3-month freeze on EMIs
The policymakers on Mint Street fired a “bazooka” on Friday when they slashed the policy interest rate by 75 basis points to 4.4 per cent — the lowest level in over 16 years — and granted a three-month moratorium on all corporate and retail loans to ease the pain of borrowers who have been struggling to deal with the crisis in a coronavirus-afflicted economy.
The decisions were taken at an unscheduled, three-day meeting of the monetary policy committee that had been advanced by a week and held in complete secrecy. The monetary policy was supposed to be announced on April 3.
“The RBI has pulled out its bazooka,” Prithviraj Srinivas, chief economist at Axis Capital in Mumbai, said after the surprise announcement.
Friday’s announcement contained a raft of measures that stood in sharp contrast to the Rs 1.7-lakh-crore fiscal side response by the Narendra Modi government on Thursday, which largely repackaged existing welfare measures and involved very little new spending.
The monetary policymakers, who were split four to two on the extent of the interest rate cuts, have sounded fears of a looming recession in the global economy for the first time.
The policymakers first met on March 24 — the day Prime Minister Modi announced a 21-day lockdown to combat the pandemic.
“Clearly, a war effort has to be mounted to combat the virus, involving both conventional and unconventional measures in a continuously battle-ready mode,” RBI governor Shaktikanta Das said.
State Bank of India chairman Rajnish Kumar told a television channel that the EMIs on home and personal loans would automatically be deferred by three months and customers need not make any specific application to the bank.
The RBI governor said the deferment will not affect the credit history of borrowers.
Later in the day, the SBI passed on the full rate cut to its customers.
The cash reserve ratio (CRR) was cut by one percentage point to 3 per cent which will immediately pump Rs 1.37 lakh crore into the banking system.

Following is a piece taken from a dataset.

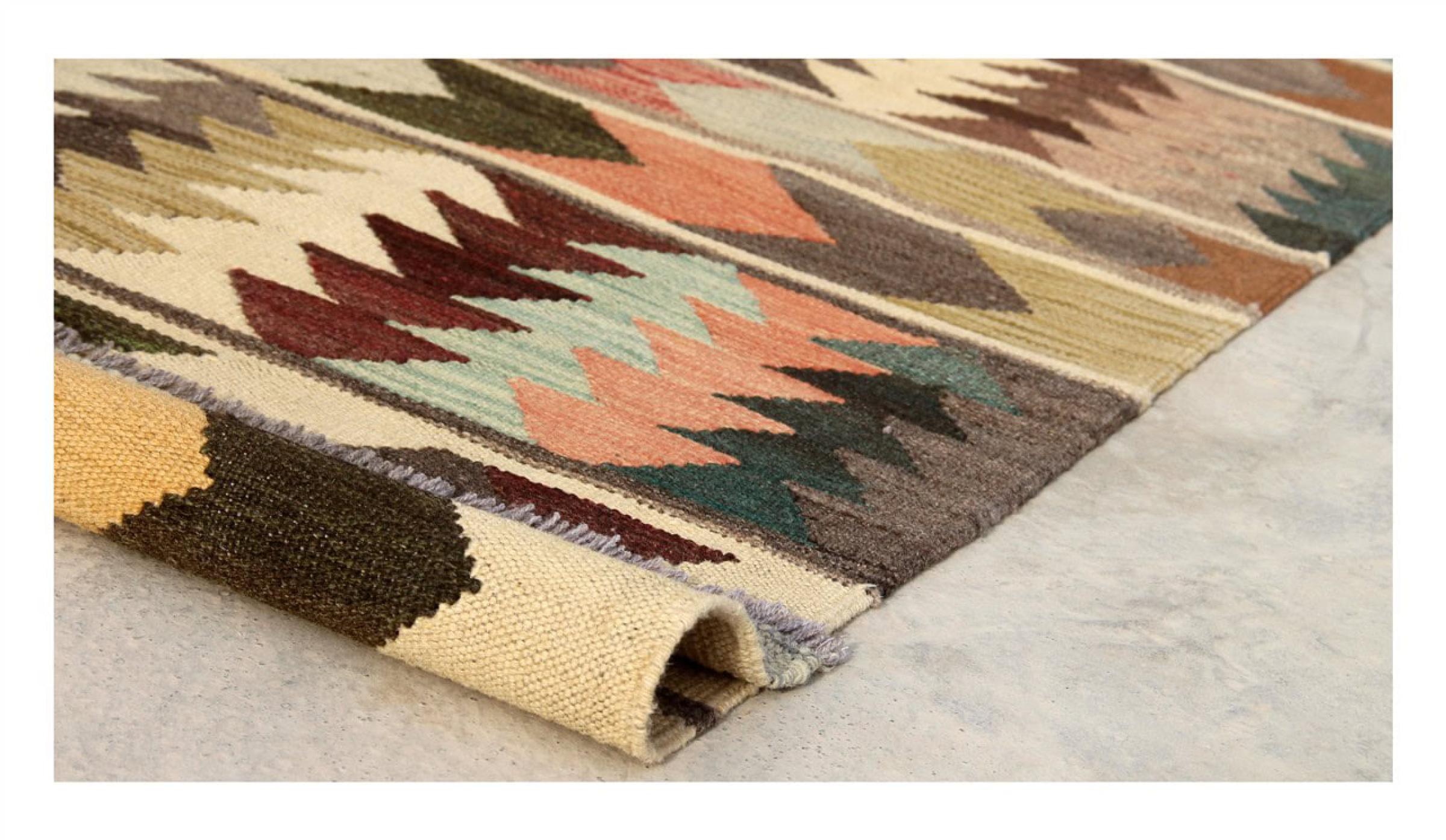 これらのキリムカーペットは、手編みのカーペットとは決定的な違いがあります。手織りのカーペットです。 彼らは高品質のウールの山を持っていませんし、結び目のあるウールカーペットよりも平坦で荒いことがよくあります。 それらの設計はそれほど複雑ではないため、通常ははるかに安価です。 もう1つの利点は、キリムカーペットがはるかに軽く、前面と背面からレイアウトできることです。 手織りのキリムは、元はペルシャ産で、現在はアフガニスタンでも多く製造されています。 彼らはそれらの織り技術に起因するかなりシンプルで簡単なパターンを持っています。
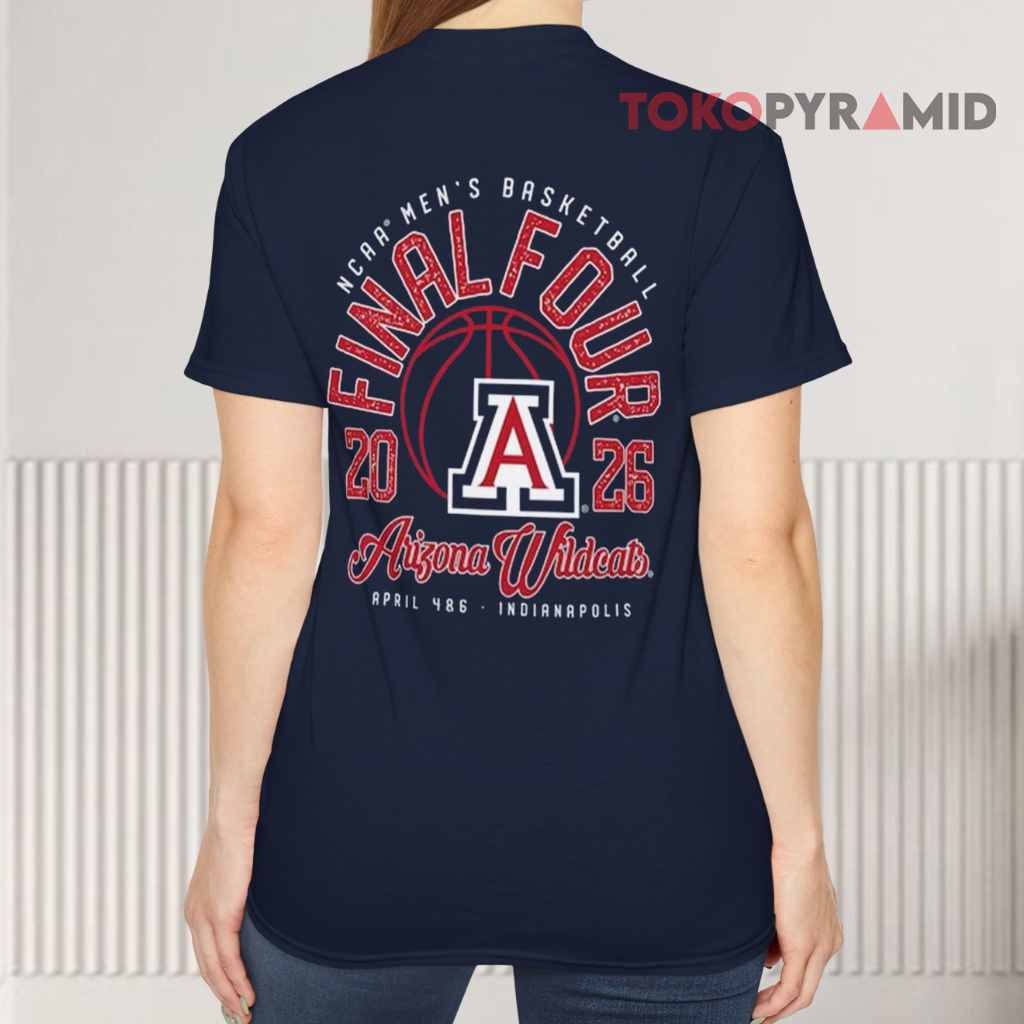 The Arizona Wildcats 2026 NCAA Men’s Basketball Tournament March Madness Final Four Shirt is the ultimate way to celebrate a historic journey to the Final Four. Featuring a bold front design with a basketball graphic, the official Final Four logo, and Arizona Wildcats branding, this shirt captures the energy and excitement of March Madness. The back design adds even more impact with another basketball graphic, Arizona Wildcats logo, and “2026 Final Four” text, making it a complete tribute to an unforgettable season.

The CRR is that portion of bank deposits that banks are required to maintain with the RBI.
There were a couple of other liquidity boosting measures.
The central bank pulled out a new tool from its monetary arsenal called the Targeted Long Term Repo Operations (TLTRO) -– a system that will allow banks to borrow money from the RBI’s repo window for up to three years at a floating rate which is linked to the policy interest rate. This will funnel Rs 1 lakh crore to banks which they can use to increase lending to the stressed sectors in the economy.
The RBI allowed banks to raise more funds under the marginal standing facility (MSF), a window from which banks can borrow funds from the RBI in emergency situations against their excess holdings of government securities.
The relaxation will enable banks to access another Rs 1.37 lakh crore. This credit line will be available up to June 30.
In a rare web address, RBI governor Das said that close to Rs 3.74 lakh crore will be injected into the banking system through the three lending windows.
“There is a rising probability that large parts of the global economy will slip into recession,” said the monetary policy statement, which came a day after US Federal Reserve chief Jerome Powell said in an NBC interview that the American economy, which has been growing at a robust 2.1 per cent, may have to brace for a sharp downturn.
“We may well be in a recession,” Powell said. “But I would point to the difference between this and a normal recession. There is nothing fundamentally wrong with our economy. Quite the contrary. We are starting from a very strong position.”
Fears of a recession in large parts of the global economy have been voiced in recent days as the pandemic swept through Europe and the US.
Governor Das said the National Statistics Office’s forecast in late February that the Indian economy would grow at 4.7 per cent in the fourth quarter (January-March) was “now at risk from the pandemic’s impact on the economy”.
But he still tried to send out an upbeat message to the nation and the authorities in Delhi. “It is worthwhile to remember that tough times never last; only tough people and tough institutions do,” he said.
The monetary policy makers chose not to hazard a forecast on either growth or inflation because of the coronavirus-inspired uncertainties.
The governor tried to quell the mounting concerns about the banking system after the near-collapse of Yes Bank, which was averted after the SBI and a cabal of banks stepped in with a rescue package earlier this month.
“The Indian banking system is safe and sound…. The volatility in the stock market has impacted share prices of banks… resulting in panic withdrawal of deposits from a few private sector banks…. I would urge members of the public as well as the public authorities not to resort to any panic withdrawal of their funds,” he said.